Your neighbors will be gathering at 7:30 to find out what’s going on. They’ll also be making decisions about your neighborhood, and the larger community around us…decisions that affect you.

And – oh by the way – they’ll be having a good time: socializing and chatting and being, well, just neighborly! (And free refreshments help.)

You’re always welcome. It’s the second Tuesday of each month at 7:30 pm, in the Calvary Church social hall, on the corner of Beech and Allegheny (use the Beech Avenue entrance). The meeting’s usually over by 9:00 pm.

Don’t know most of your neighbors yet? All the more reason! Hope to see you Tuesday evening.

In April of 1962, the residents and business people of our community – not yet called “Allegheny West” – were surrounded on every side by an uncertain future. That a few of them were considering banding together for the general good was very bold indeed.

The “powers that be” in the city, county and state were basking in the glow of international media – hailed for “The Great Pittsburgh Renaissance”. The first of its kind in America, this unprecedented vision was even then transforming an industrial slum at the Point into a new state park and the gleaming silver office towers of Gateway Center. At the Melody Tent site in the Lower Hill District, a “residential slum” was giving way to a new entertainment acropolis – anchored by the newly opened Civic Arena, and soon to add concert halls and museums.

A new phrase had been coined right here: “Urban Renewal”. And already announced were the next two planned blockbusters: the extreme makeover of the East Liberty shopping district and the complete demolition and replacement of the former City of Allegheny town center. In each of these projects, hundreds of substantial buildings would be demolished to make room for an entire new city – formed in the image and likeness of the American suburb.

This new city rising on the Northside wasn’t limited to the former center of Allegheny. There were several big satellite projects that would extend this grand vision across all of the lower Northside.

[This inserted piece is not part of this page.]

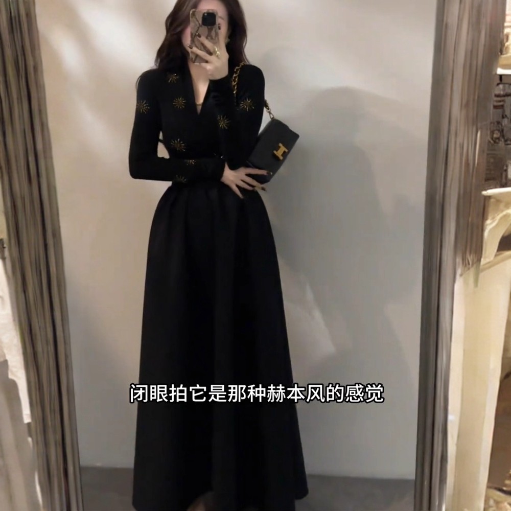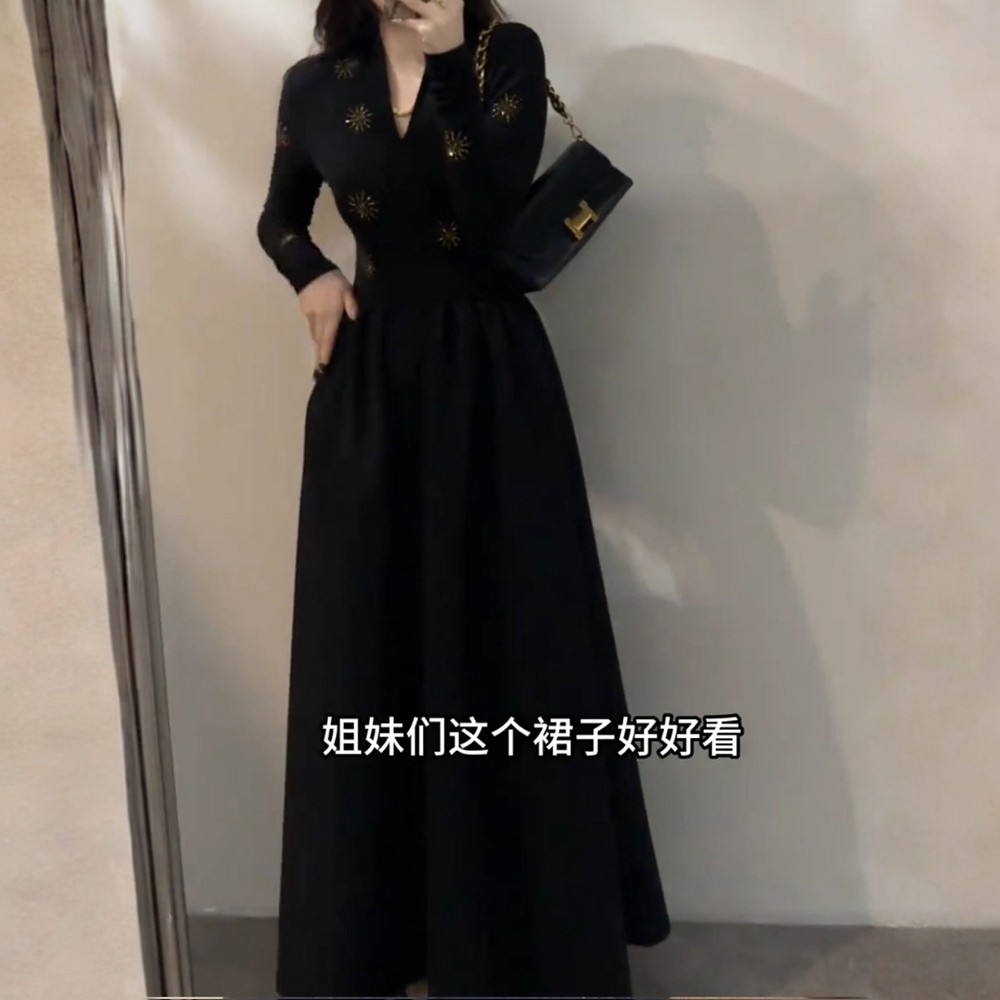 法式重工烫钻黑色长袖连衣裙女2025新款秋季裙子气质收腰打底长裙

This new “suburb in the city” would have its very own interstate highway slicing east to west. The neighborhoods of Chateau on the west and Deutschtown to the east, along with the length of the Allegheny Commons park, would provide the highway’s route and right-of-way.

The neighborhood north of the Allegheny Commons park would be leveled and replaced with a vast complex of garden apartments. An immense public housing development would level and replace much of the Manchester neighborhood. And the land immediately to the west of the park would be divided between an industrial park along the highway and a county college campus.

Citywide, there were thousands of businesses and residents being displaced by eminent domain takings of entire neighborhoods. And nationwide the broadest public sentiment was enormously supportive of this concept. If the Smoky City could do it, anything was possible.

“Out with the old, in with the new.” And Pittsburgh was finally at the forefront of an important new urban movement.

But buried deep in those Master Planning blueprints were a handful of tiny streets. And on those streets, a few ordinary people had started looking for a way to be heard.